(DATASET EXCERPTS Opens)

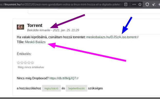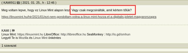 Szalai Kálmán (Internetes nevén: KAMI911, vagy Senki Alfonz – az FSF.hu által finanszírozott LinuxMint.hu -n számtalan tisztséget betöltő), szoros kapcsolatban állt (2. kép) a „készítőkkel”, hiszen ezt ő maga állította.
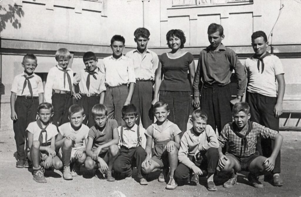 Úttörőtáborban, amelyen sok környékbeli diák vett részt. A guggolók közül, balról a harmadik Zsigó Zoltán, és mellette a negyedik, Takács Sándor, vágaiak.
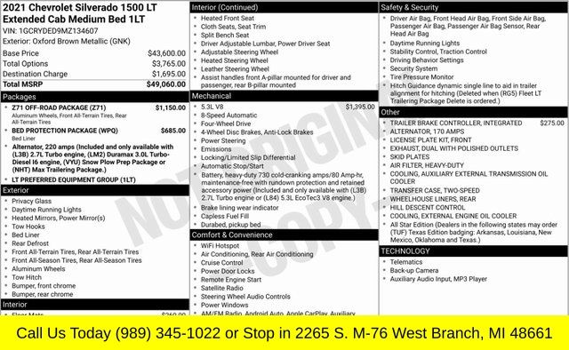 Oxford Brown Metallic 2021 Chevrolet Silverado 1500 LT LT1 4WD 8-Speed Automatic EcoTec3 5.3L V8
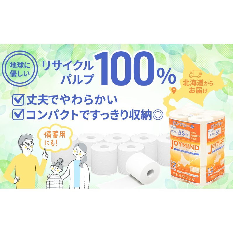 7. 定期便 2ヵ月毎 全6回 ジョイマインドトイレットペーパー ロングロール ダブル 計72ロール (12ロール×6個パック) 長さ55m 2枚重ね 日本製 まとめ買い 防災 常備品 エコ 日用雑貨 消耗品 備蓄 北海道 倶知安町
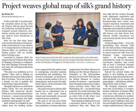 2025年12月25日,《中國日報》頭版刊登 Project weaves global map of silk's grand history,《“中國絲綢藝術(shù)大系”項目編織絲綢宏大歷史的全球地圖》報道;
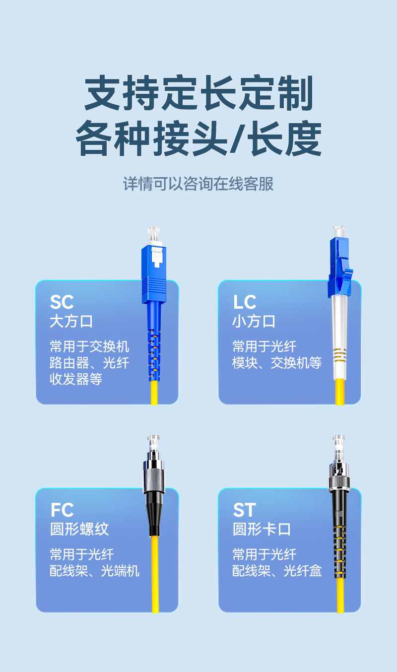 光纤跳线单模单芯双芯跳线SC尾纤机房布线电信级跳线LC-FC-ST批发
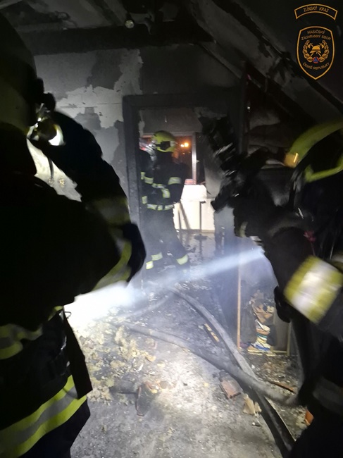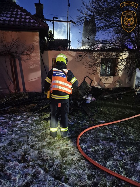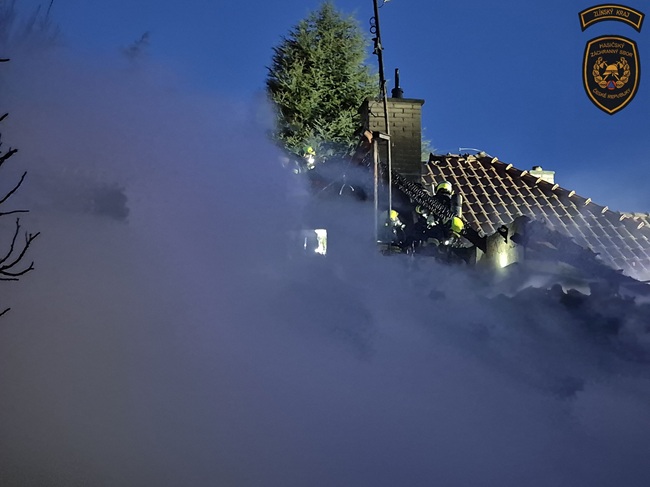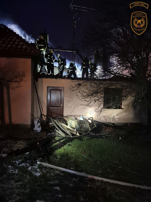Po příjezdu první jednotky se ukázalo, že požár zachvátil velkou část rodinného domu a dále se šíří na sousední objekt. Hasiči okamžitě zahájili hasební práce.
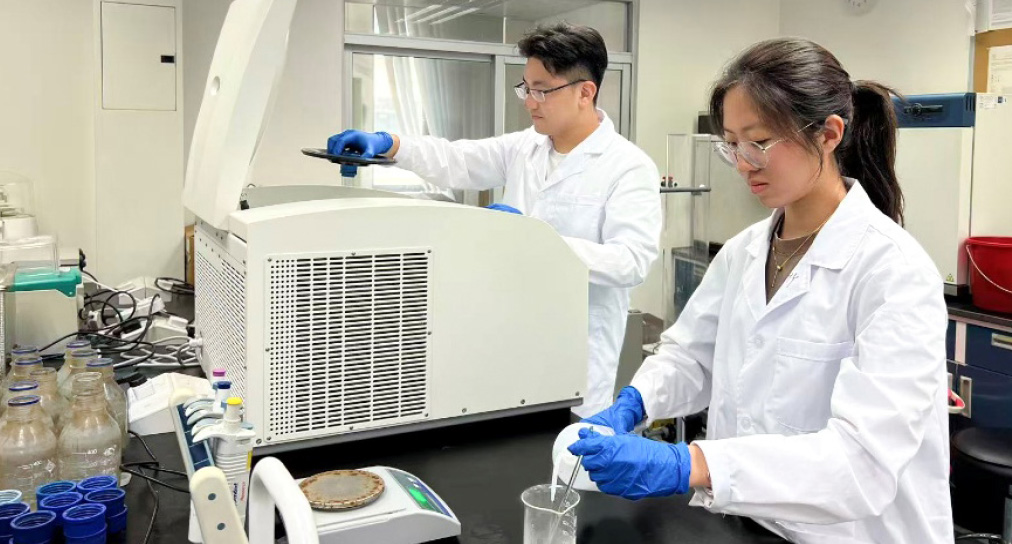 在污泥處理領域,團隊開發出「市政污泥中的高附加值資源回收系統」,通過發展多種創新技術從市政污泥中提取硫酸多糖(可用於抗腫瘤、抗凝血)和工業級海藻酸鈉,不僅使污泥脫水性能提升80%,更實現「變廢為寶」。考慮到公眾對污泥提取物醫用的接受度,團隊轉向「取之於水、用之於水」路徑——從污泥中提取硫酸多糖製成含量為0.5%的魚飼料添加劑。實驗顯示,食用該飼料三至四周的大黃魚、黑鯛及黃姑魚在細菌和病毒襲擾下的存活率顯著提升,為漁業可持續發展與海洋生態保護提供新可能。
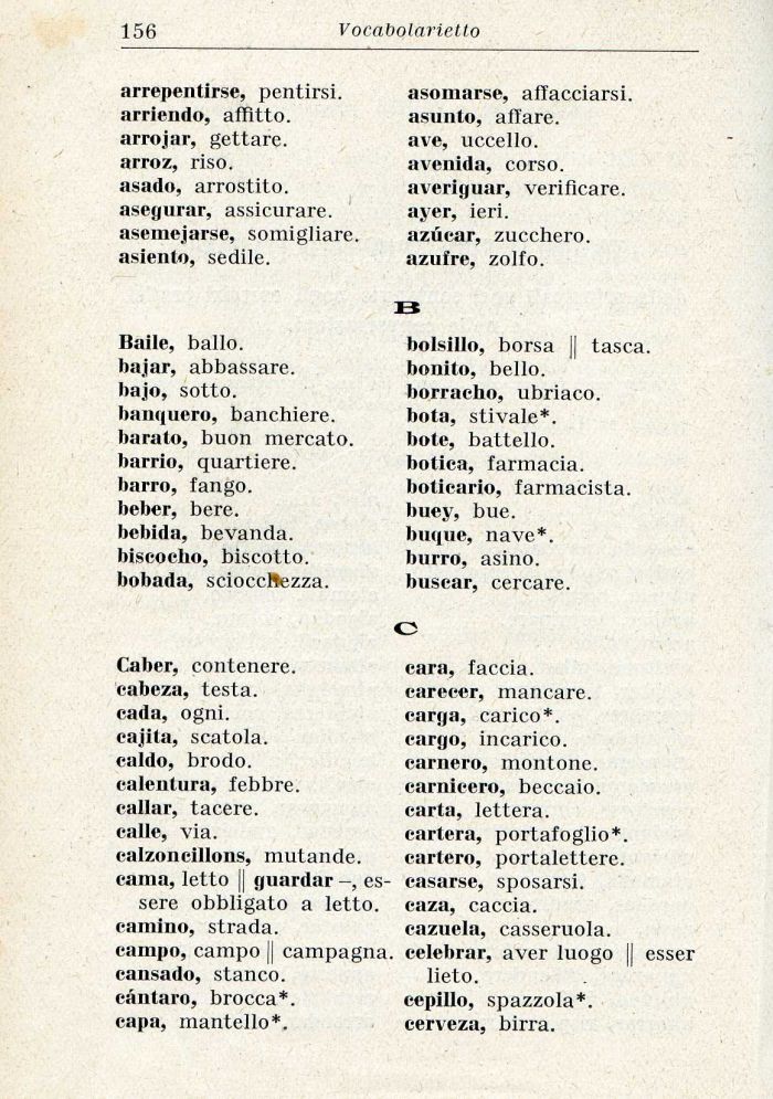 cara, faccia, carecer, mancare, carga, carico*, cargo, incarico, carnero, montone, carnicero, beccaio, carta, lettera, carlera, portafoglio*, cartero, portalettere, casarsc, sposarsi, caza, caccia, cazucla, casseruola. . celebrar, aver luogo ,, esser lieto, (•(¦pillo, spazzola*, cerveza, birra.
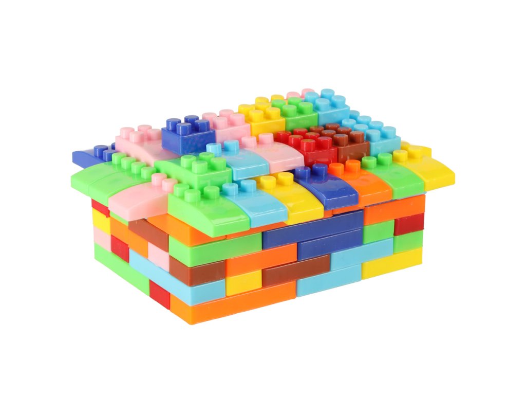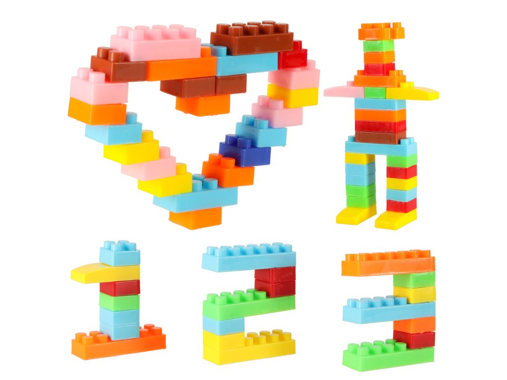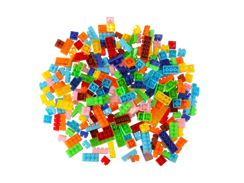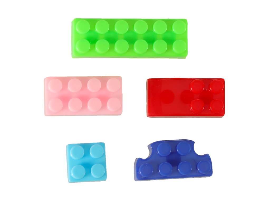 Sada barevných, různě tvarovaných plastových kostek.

(DATASET EXCERPTS Closes)

* TASK PROMPT: Each record should be copied exactly, and each image left out.

* ANSWER BOX:
 Szalai Kálmán (Internetes nevén: KAMI911, vagy Senki Alfonz – az FSF.hu által finanszírozott LinuxMint.hu -n számtalan tisztséget betöltő), szoros kapcsolatban állt (2. kép) a „készítőkkel”, hiszen ezt ő maga állította.
 Úttörőtáborban, amelyen sok környékbeli diák vett részt. A guggolók közül, balról a harmadik Zsigó Zoltán, és mellette a negyedik, Takács Sándor, vágaiak.
 Oxford Brown Metallic 2021 Chevrolet Silverado 1500 LT LT1 4WD 8-Speed Automatic EcoTec3 5.3L V8
 7. 定期便 2ヵ月毎 全6回 ジョイマインドトイレットペーパー ロングロール ダブル 計72ロール (12ロール×6個パック) 長さ55m 2枚重ね 日本製 まとめ買い 防災 常備品 エコ 日用雑貨 消耗品 備蓄 北海道 倶知安町
 2025年12月25日,《中國日報》頭版刊登 Project weaves global map of silk's grand history,《“中國絲綢藝術(shù)大系”項目編織絲綢宏大歷史的全球地圖》報道;
 光纤跳线单模单芯双芯跳线SC尾纤机房布线电信级跳线LC-FC-ST批发
Po příjezdu první jednotky se ukázalo, že požár zachvátil velkou část rodinného domu a dále se šíří na sousední objekt. Hasiči okamžitě zahájili hasební práce.
 在污泥處理領域,團隊開發出「市政污泥中的高附加值資源回收系統」,通過發展多種創新技術從市政污泥中提取硫酸多糖(可用於抗腫瘤、抗凝血)和工業級海藻酸鈉,不僅使污泥脫水性能提升80%,更實現「變廢為寶」。考慮到公眾對污泥提取物醫用的接受度,團隊轉向「取之於水、用之於水」路徑——從污泥中提取硫酸多糖製成含量為0.5%的魚飼料添加劑。實驗顯示,食用該飼料三至四周的大黃魚、黑鯛及黃姑魚在細菌和病毒襲擾下的存活率顯著提升,為漁業可持續發展與海洋生態保護提供新可能。
 cara, faccia, carecer, mancare, carga, carico*, cargo, incarico, carnero, montone, carnicero, beccaio, carta, lettera, carlera, portafoglio*, cartero, portalettere, casarsc, sposarsi, caza, caccia, cazucla, casseruola. . celebrar, aver luogo ,, esser lieto, (•(¦pillo, spazzola*, cerveza, birra.
 Sada barevných, různě tvarovaných plastových kostek.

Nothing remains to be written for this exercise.